» Task instructions: Everything from the line with "PUG LIFE FUNNY" to the line with "Inget mer än" in the listing below, both lines included, needs to be copied exactly, apart from the pictures.

----- Data to use -----

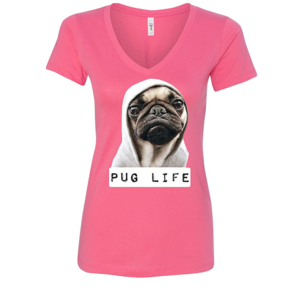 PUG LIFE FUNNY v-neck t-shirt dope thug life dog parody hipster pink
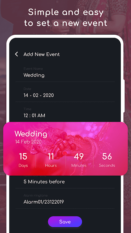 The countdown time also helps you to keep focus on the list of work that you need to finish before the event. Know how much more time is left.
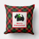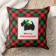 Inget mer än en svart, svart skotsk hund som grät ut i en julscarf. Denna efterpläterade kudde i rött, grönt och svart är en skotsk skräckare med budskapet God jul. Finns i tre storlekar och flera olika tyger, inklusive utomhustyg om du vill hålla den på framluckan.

-----
----- Data to use -----

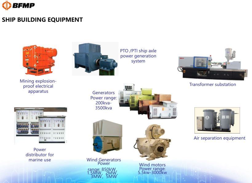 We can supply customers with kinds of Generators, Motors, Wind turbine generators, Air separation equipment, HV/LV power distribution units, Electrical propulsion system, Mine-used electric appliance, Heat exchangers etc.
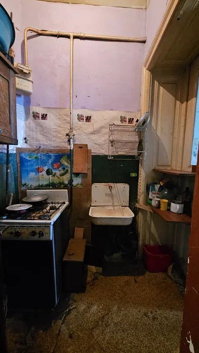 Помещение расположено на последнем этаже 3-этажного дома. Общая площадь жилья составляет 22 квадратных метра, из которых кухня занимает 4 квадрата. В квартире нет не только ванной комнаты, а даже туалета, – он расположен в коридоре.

-----

» Solution to the exercise:
 PUG LIFE FUNNY v-neck t-shirt dope thug life dog parody hipster pink
 The countdown time also helps you to keep focus on the list of work that you need to finish before the event. Know how much more time is left.
 Inget mer än en svart, svart skotsk hund som grät ut i en julscarf. Denna efterpläterade kudde i rött, grönt och svart är en skotsk skräckare med budskapet God jul. Finns i tre storlekar och flera olika tyger, inklusive utomhustyg om du vill hålla den på framluckan.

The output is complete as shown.